PICO DA VIGIA 2
Pessoas, costumes, estórias e tradições da Fajã Grande das Flores e outros temas.
NOVEMBRO (DIÁRIO DE TI ANTONHO)
Para mim este mês de novembro é um dos mais tristes do ano. Nunca me agradou lá grande coisa. Para além de ser um mês em que os campos estão quase desertos e muito pouco produzem é um mês escuro, desolado e muito triste. Não há flores nem frutos, a não ser as castanhas, e as folhas das árvores tornam-se amareladas e caem. Novembro é também o mês durante o qual na igreja da nossa freguesia se celebram as novenas das almas, durante as quais se reza e se recordam todos os mortos desta freguesia desde do cimo da Assomada até ao fim da Via d’Água. Todos os dias o nosso pároco invoca os defuntos de todas as casas, uma por uma…
O mês de novembro é pois um mês de luto e de tristeza. Quando eu era criança até me assustava ao ver, à noite, na nossa igreja muito escura, aquele cadafalso coberto com um pano negro, debruado a amarelo. O pároco durante as cerimónias também se vestia com paramentos pretos, assim como o povo vestia roupas escuras, sobretudo os mais velhos. Tudo na igreja estava envolto num ambiente fúnebre e sinistro, que causava susto às crianças e contribuía para a tristeza que se estampava nos rostos dos adultos. Além disso todos os dias, à noite, a fim de chamar o povo para as novenas e orações, os sinos da igreja dobravam a finados, como se tivesse morrido alguém. Diziam os nossos avós que era o enterro do velho Laranjinho.

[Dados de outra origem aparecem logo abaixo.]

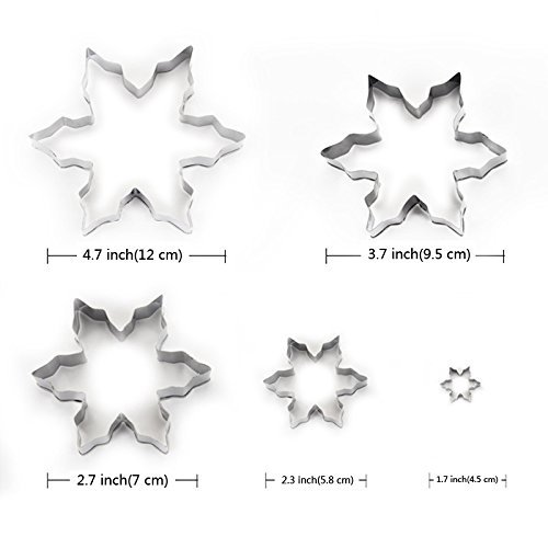 - Snowflake Shaped Cookie Cutter Set: Cookie cutter shapes is snowflake, 5 different sizes snowflake cookie mold.
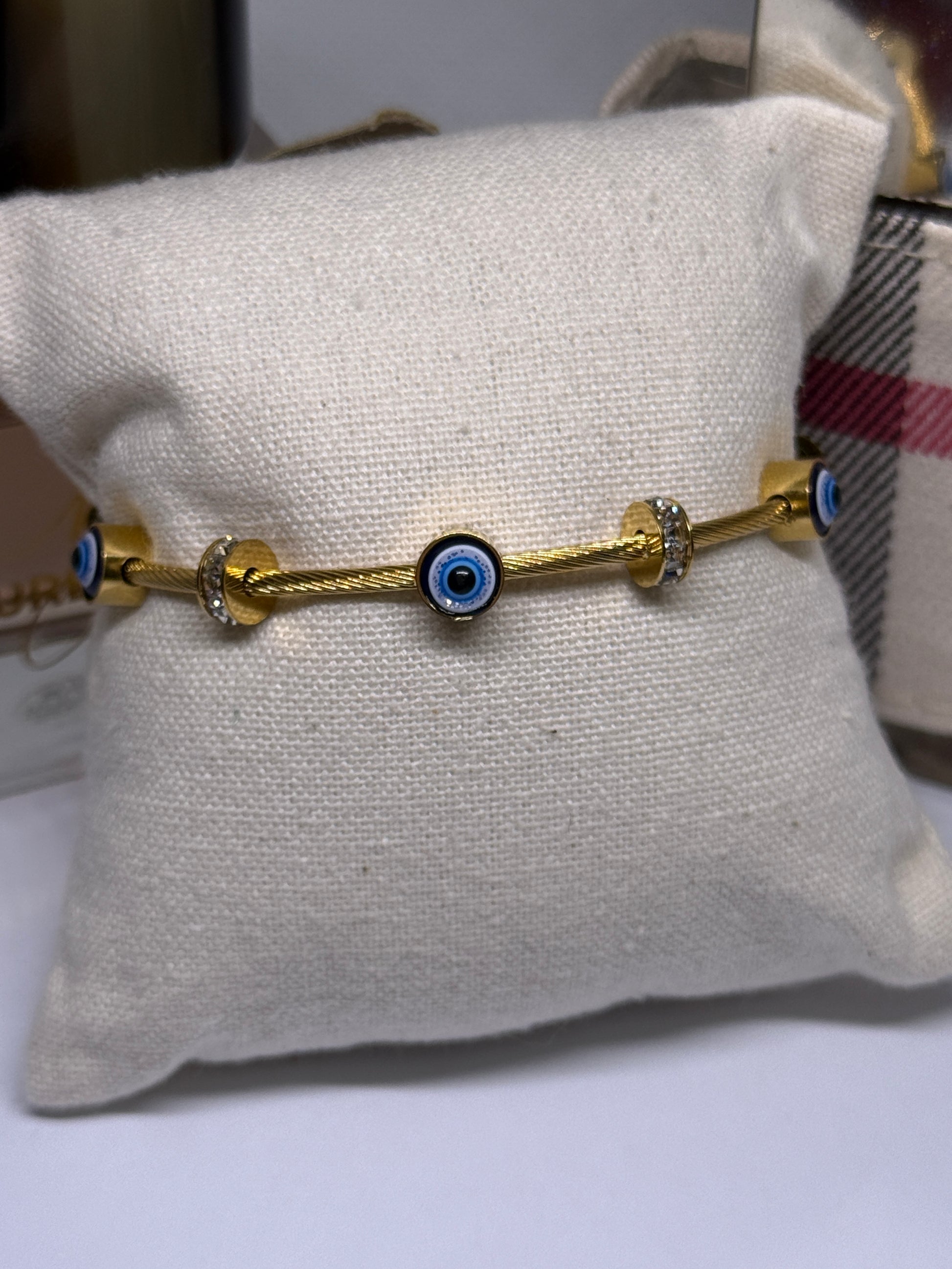 Gold evil eye bracelet with cubic zirconia and rhinestone details
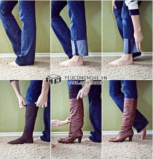 7. Đây là cách để cho quần jeans vào bốt thật gọn gàng
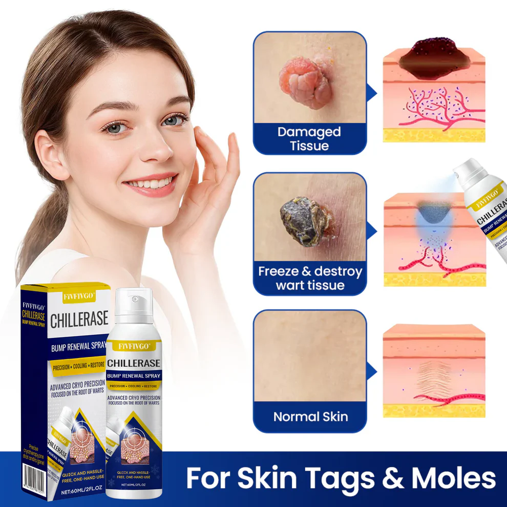 Fivfivgo® ChillErase Bump Renewal Spray uses advanced Cryo-Cooling Renewal Technology to safely smooth and refine the skin — without irritation or downtime. Once applied, the cooling mist instantly lowers surface temperature, calming redness, tightening pores, and gently loosening hardened buildup beneath the skin.
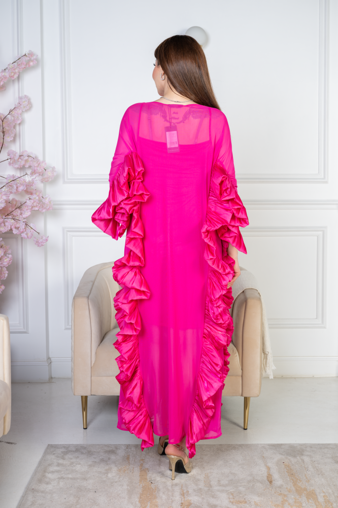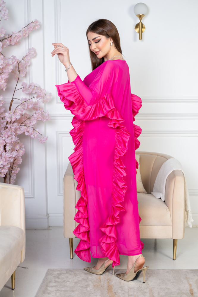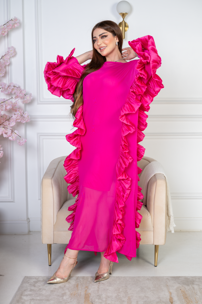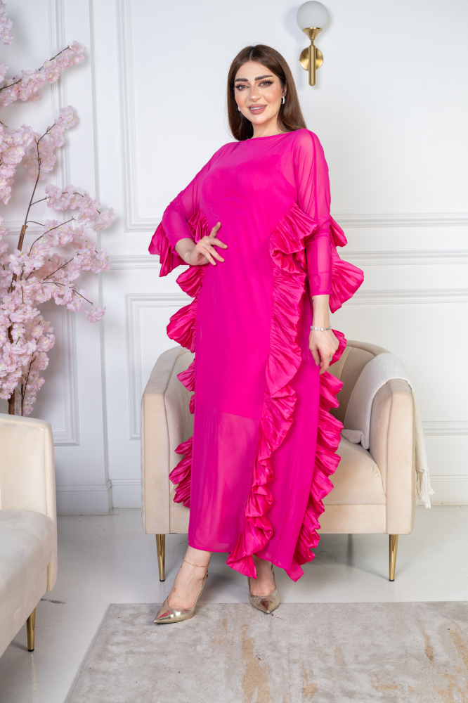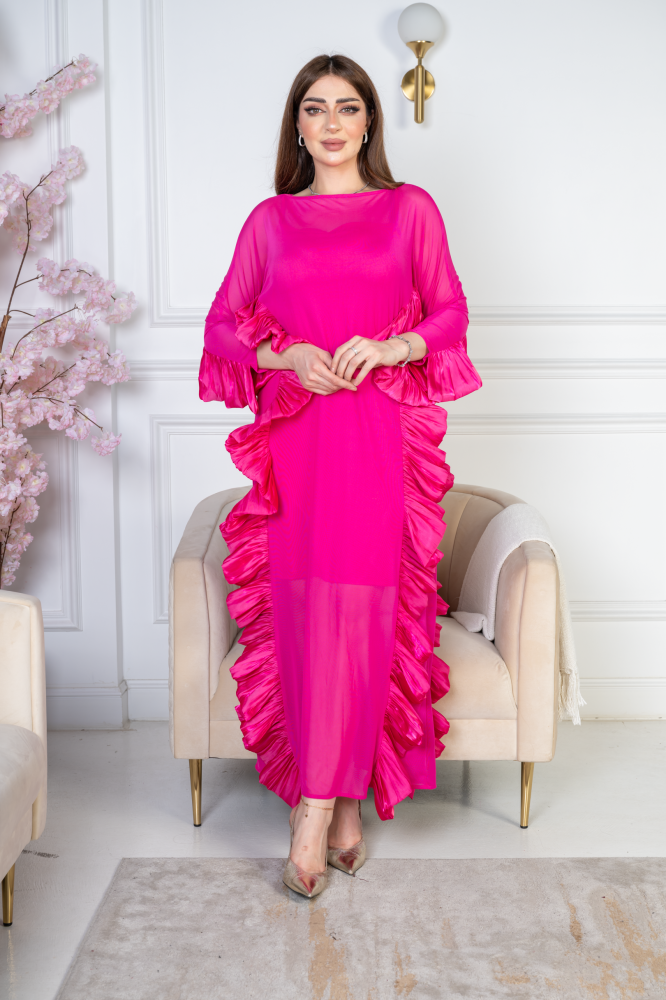 الفستان المثالي لكل امرأة تبحث عن الأناقة والجاذبية، يتميز هذا الفستان بلونه الوردي الفاتح الذي يضفي لمسة من التألق، بينما تضفي تفاصيل الكشكش على الأكتاف والجوانب رونقاً عصريًا وأنثويًا

Durante as novenas, umas vezes em português outras lá nos arrevesados latins, o pároco só falava do inferno e das penas que lá havíamos de sofrer se morrêssemos em pecado. Que susto e que tormento!
- “Libera animus omnium fidelium defunctorum de poenis inferni. – Proclamava nos latins. E acrescentava - Requiescant in pacem! Ao que o respondia o povo:
- Amen!
Outras vezes terminando o sermão, o pároco dizia em português:
- Livrai as nossas almas das fauces do leão, não as engula o abismo e não caiam nas profundezas tenebrosas do inferno”.
Na Fajã Grande sempre houve uma devoção muito grande às almas do Purgatório. Para além de se recordarem com sufrágios e orações especiais durante este mês que lhes era dedicado, todas as casas, no dia da matança do porco, guardavam a língua e traziam-na para a igreja, a fim de ser arrematada. Com o dinheiro de todas as línguas o mordomo das almas mandava celebrar missas por todos os defuntos da freguesia. No dia um era feita uma derrama pela freguesia, na qual se juntavam sacos e sacos de milho, cujo dinheiro da venda tinha o mesmo fim.
Por tudo isto é que este mês de novembro era um mês especial dedicado particularmente aos fiéis defuntos. Mas muito, muito triste!